Thank you in advance!

Answer

We have $\frac{1}{1-z}=\sum_{n\geq 0}z^n$ for any $z\in\mathbb{C}$ such that $|z|<1$. The convergence is uniform over any compact subset of $\{z\in\mathbb{C}:|z|<1\}$, hence we are allowed to state

$$\int_{0}^{i}\frac{dz}{1-z} = \sum_{n\geq 0}\frac{i^{n+1}}{n+1} = \sum_{n\geq 1}\frac{i^n}{n}$$
where the LHS equals
$$-\log(1-i) = -\log\left(\sqrt{2}\, e^{-\frac{\pi i}{4}}\right) = \color{red}{-\frac{\log 2}{2}+\frac{\pi i}{4}}.$$

The convergence of the original series is granted by Dirichlet's test, as already remarked by other users.
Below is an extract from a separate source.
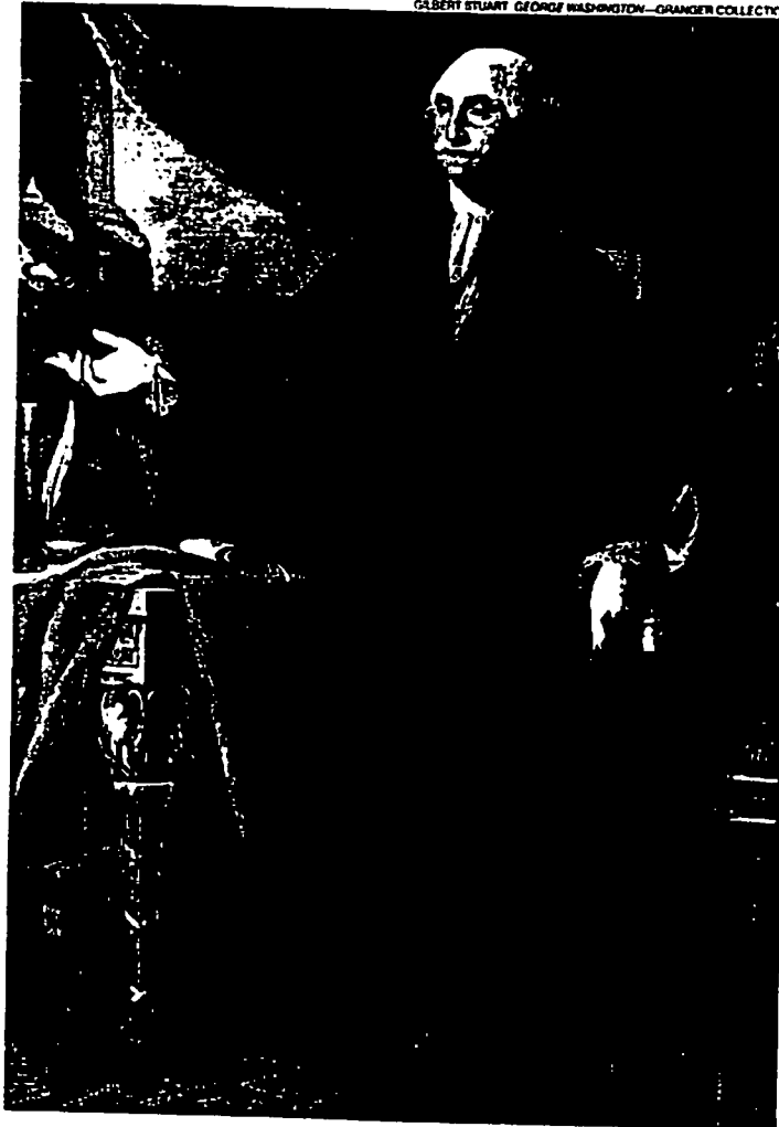
GILBERT STUART, GEORGE WASHINGTON

T he one argument that got cut short, with tragic consequences, was that over slavery. Congress effectively removed itself from a constructive role in the debate in 1790. In that year, two Quaker delegations petitioned Congress to bring an end to the slave trade, petitions that prompted outrage among many legislators, who pointed out that the Constitution expressly forbade discussion of slave trade until 1808. The petitions would have been ignored, in fact, had they not come with the endorsement of Benjamin Franklin. Franklin, who himself

You may also notice that the real part is given by the terms of the original series with $n\in 2\mathbb{N}$ and the imaginary part is given by the terms of the original series with $n\in 2\mathbb{N}+1$. On the other hand,
$$\sum_{n\geq 1}\frac{(-1)^n}{n}=-\log(2),\qquad \sum_{n\geq 0}\frac{(-1)^n}{2n+1}=\frac{\pi}{4}$$
are pretty well-known. They can be proved with the same approach, restricted to the real line only.